Defining partitioning to optimize queries

⚠️

Check This First!

This article refers to BaseModel accessed via Docker container. Please refer to Snowflake Native App section if you are using BaseModel as SF GUI application.

BaseModel divides queries into smaller chunks (partitions) to decrease memory consumption of the database. Please note that the database partitioning is different than BaseModel partitioning and does not have to be defined identically, however, setting BaseModel chunks to align with the database partitioning will result in better query optimization. The database partitioned by the same column as defined in the BaseModel config significantly decreases the execution time of queries.

To increase or decrease the number of chunks change num_query_chunks described in the relevant section of Managing space and memory or num_workers described in the relevant section of Control of data loading process.


Parameters
  • partition_column : str
    default: main_entity_column
    Column used for data partitioning. Chunks will be defined based on values in this column. By default it will be the same column as defined in the field main_entity_column.

    ⚠️

    Important!

    The partition column defined in the config should be either the main_entity_column or any other column which values disjointly separates main entity values. In other words, a given main entity value can be in only one partition.
    Not fulfilling this condition will result in the wrong data distribution during training.
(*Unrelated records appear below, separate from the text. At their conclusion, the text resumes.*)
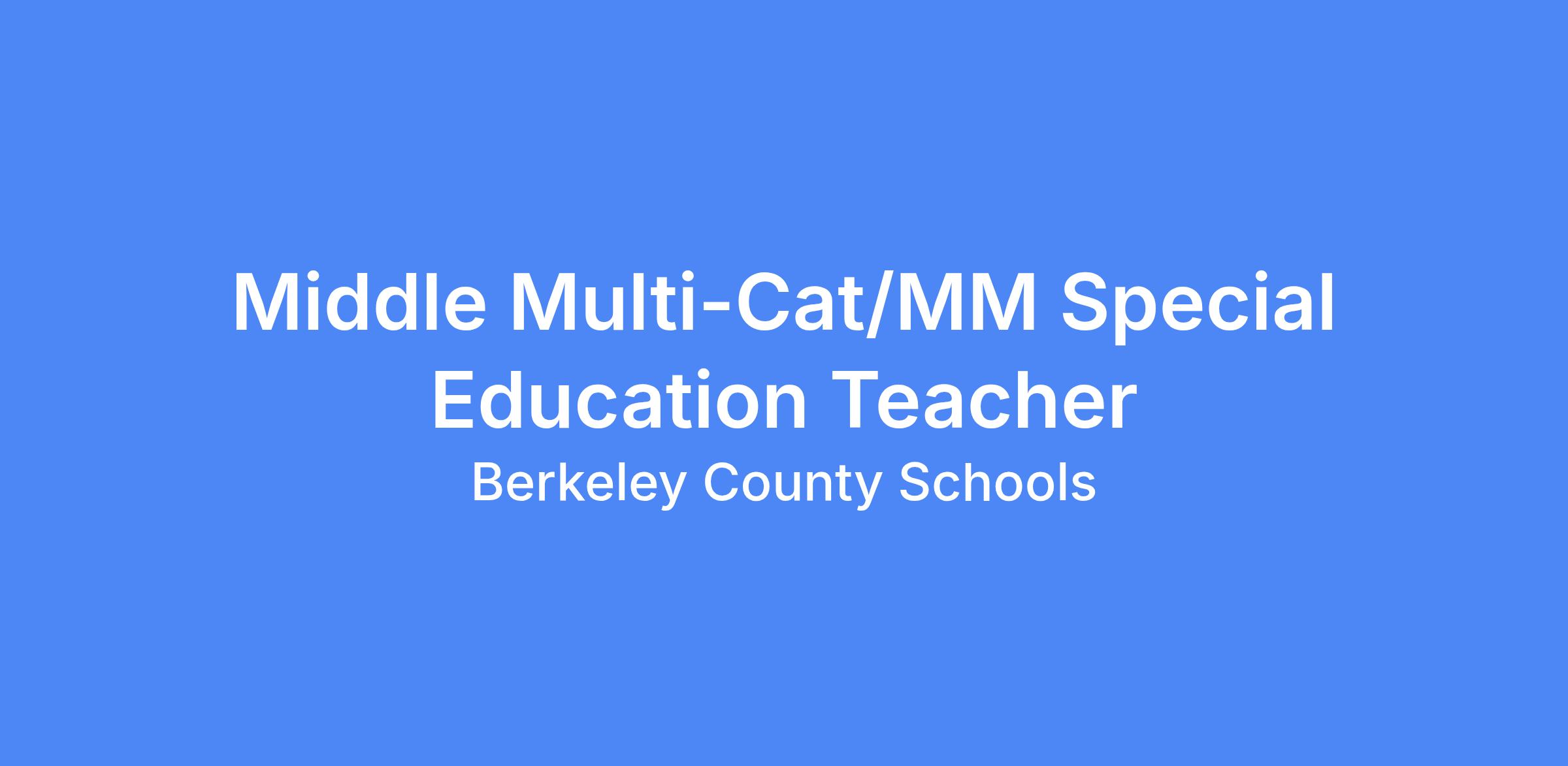 Berkeley County Schools seeks qualified applicants for a Multi-Categorical Special Education Teacher.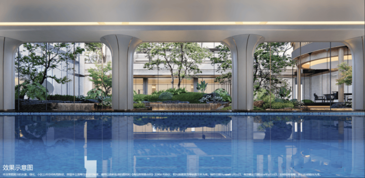 项目标配下沉式庭院会所和恒温泳池,满足业主们的会客、健身、娱乐需求,同时利用建筑内部的架空区域,以全龄社区为出发点,打造容纳多元生活的社区中心。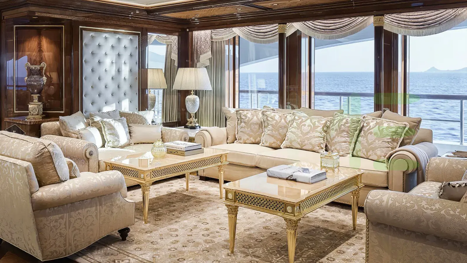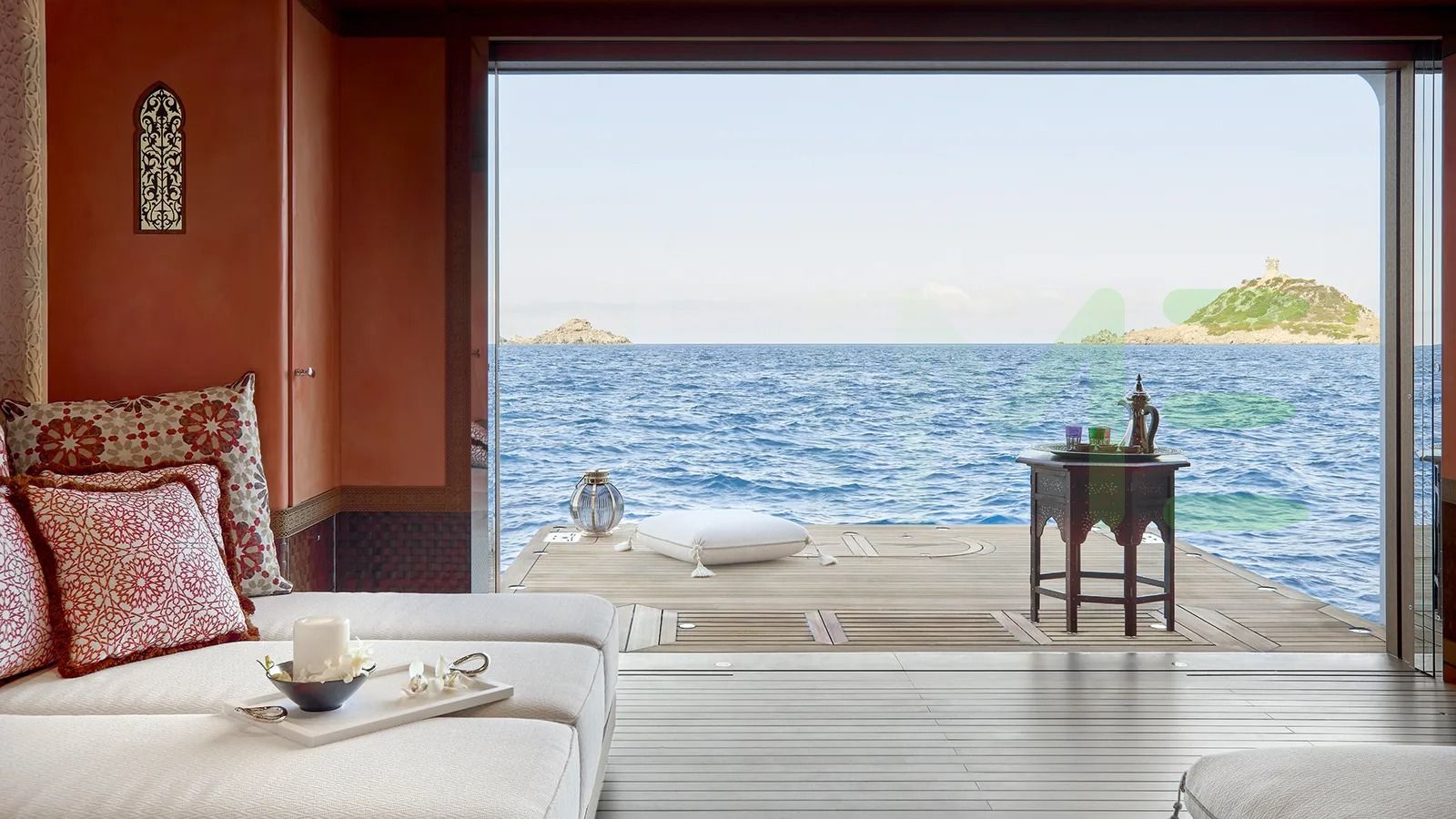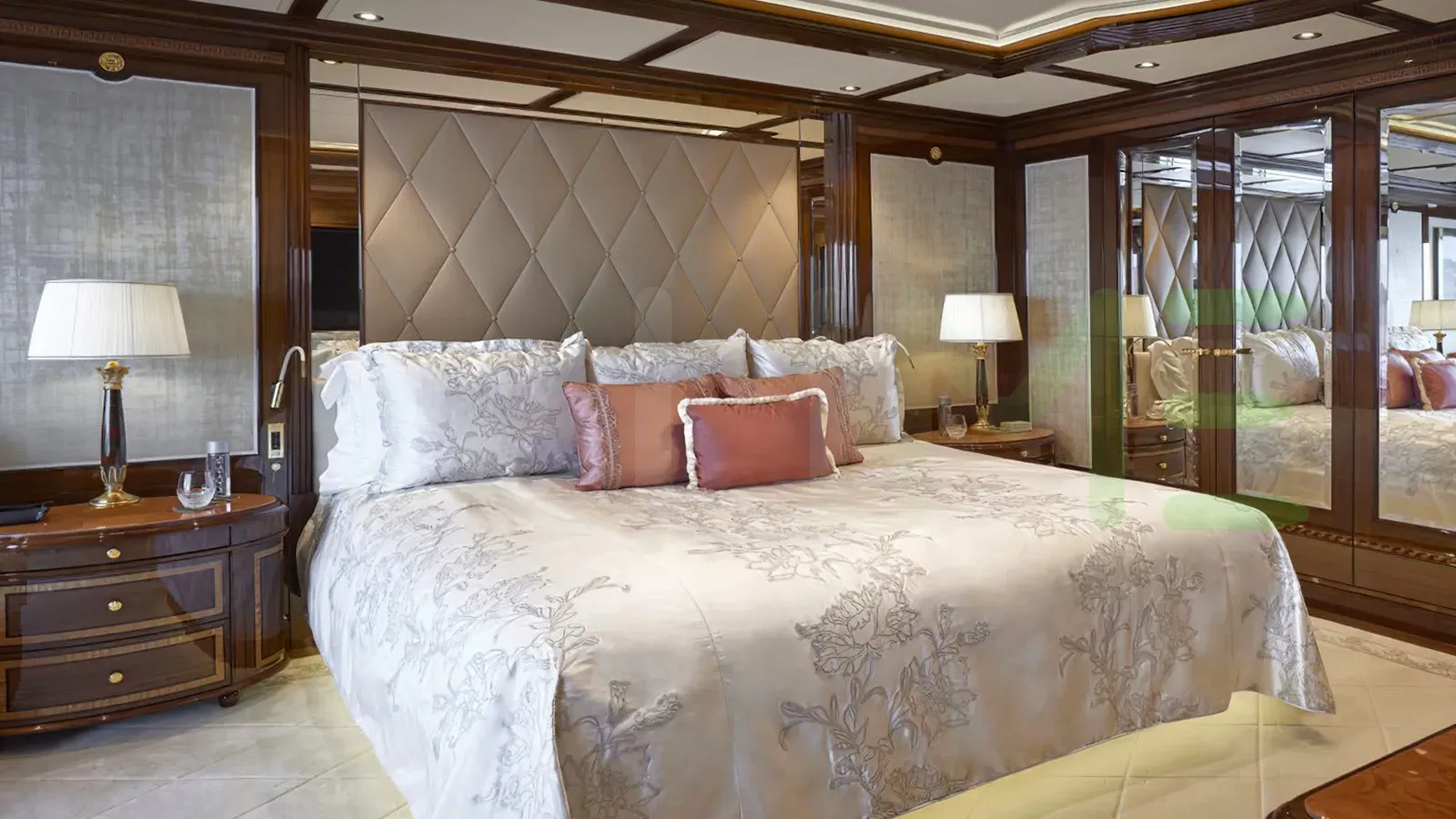 Her features include separate crew passageway, beauty salon, spa, beauty salon, elevator, underwater lights, gym, WiFi and air conditioning.

  • partition_values_transformation : PartitionValueTransformation
    default: PartitionValueTransformation.HASH_MOD
    Type of transformation applied to the partition_column to determine the id of the partition. Available options:
    • PartitionValueTransformation.HASH_MOD: Can be used for any values in the partition column. The chunk id is a hash of partition column value modulo number of chunks.
    • PartitionValueTransformation.EXACT_GROUP: Can be used for any values in the partition column. Partitions will be created to obtain a similar size of each chunk. Should not be used with high cardinality columns as it might be cost-ineffective.
    • PartitionValueTransformation.EXACT_INT_MOD: Can be used when partition values are integers of any range. Values will be distributed to chunks based on the modulo of a number of partitions.
    • PartitionValueTransformation.EXACT_INT: Can be used when partition column values are consecutive integers in the range [0, number of partitions - 1]. Chunk id is the value in the partition column.


Example:

Suppose you have two data sources, product_buy and page_visit, both containing a column named user_id that identifies the main entity. Data source page_visit is partitioned in the database by a column user_group that divides users into 30 disjoint groups marked with integers. To optimize queries you can use the following configuration:

data_sorces:
  - type: event
    main_entity_column: user_id
    name: product_buy
    date_column:
       name: timestamp
    data_location:
       database_type: snowflake
       connection_params:
           user: username,
           password: strongpassword123,
           account: xy12345.west-europe.azure,
           database: EXAMPLE_DB,
           schema: EXAMPLE_SCHEMA,
           role: ACCOUNT_ADMIN
        table_name: product_buy        
  - type: event
    main_entity_column: user_id
    name: page_visit
    date_column:
       name: timestamp
    data_location:
       database_type: snowflake
       connection_params:
           user: username,
           password: strongpassword123,
           account: xy12345.west-europe.azure,
           database: EXAMPLE_DB,
           schema: EXAMPLE_SCHEMA,
           role: ACCOUNT_ADMIN
        table_name: page_visit
    partition_column: user_group
    partition_values_transformation: exact_int_mod

You can leave default BaseModel partitioning for product_buy since it is not partitioned in the database. Whereas page_visit is already partitioned by the column that disjointly divides users, it might be beneficial to set custom partition_column and partition_values_transformation parameters. You can use exact_int_mod transformation because values in user_group are integers.